Defendants have argued that even if we enforce the accelerated rents and repossession provisions of the default clauses, the accelerated rents must be discounted to present value. We agree. Discounting has been recognized as the second operative element of a fair liquidated damages clause. Siletz, supra; Northwest Acceptance, supra; Equipment Leasing-Leveraged Leasing, supra. This accords with our adoption of the present value concept in loan contract cases in Bridgkort, supra, at 714, 271 N.W.2d at 169. Although the omission of this requirement from the default clause does not render it unenforceable, we determine that the action must be remanded for computation of the appropriate discount figure and adjustment of the accelerated rents and interest due under the contract to assure that the lessor is not unjustly enriched.

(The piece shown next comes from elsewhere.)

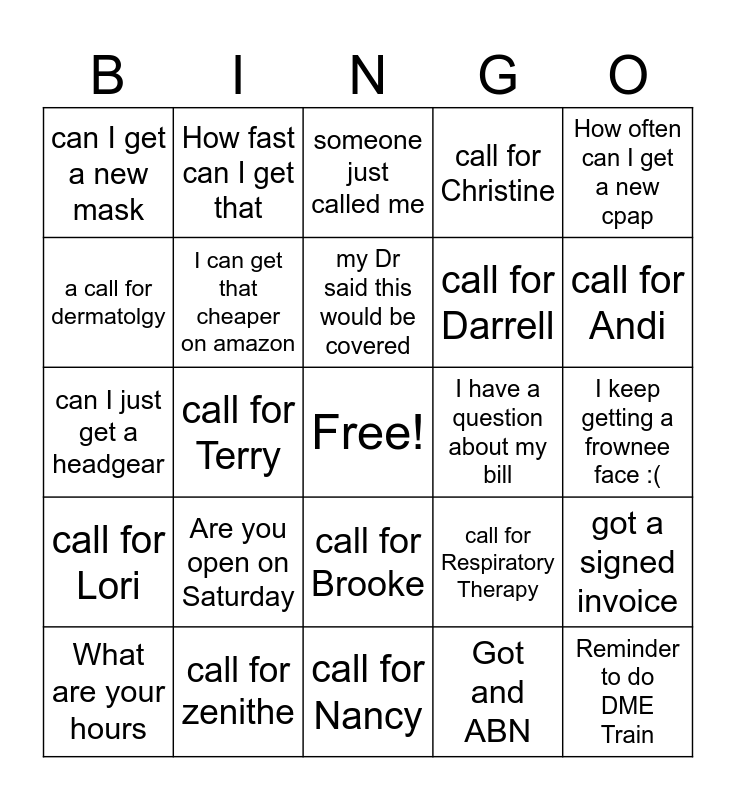 This bingo card has a free space and 24 words: What are your hours, Are you open on Saturday, my Dr said this would be covered, Got and ABN, How often can I get a new cpap, can I get a new mask, How fast can I get that, someone just called me, I have a question about my bill, I keep getting a frownee face :(, can I just get a headgear, I can get that cheaper on amazon, call for Respiratory Therapy, got a signed invoice, a call for dermatolgy, call for zenithe, call for Nancy, call for Christine, call for Andi, call for Lori, call for Terry, call for Brooke, call for Darrell and Reminder to do DME Train.

By the Court.—Judgment affirmed in part and cause remanded in part with directions.

NOTES

[1] We have here true equipment leases. These are to be distinguished from a secured transaction which would be controlled by ch. 409, Stats.

[2] Were the lessor to exercise the repossession provision without crediting the user with the value of the equipment we might be required to hold the clause unenforceable for permitting double recovery. See Southwest Park Outpatient Surgery, Ltd. v. Chandler Leasing Division, 572 S.W.2d 53, 56-57 (Tex. Ct. App 1978); Bidwell v. Carstens, 316 So. 2d 264, 266-67 (Fla. 1975). As this option was in fact not exercised alone, we will not invalidate the entire default clause here.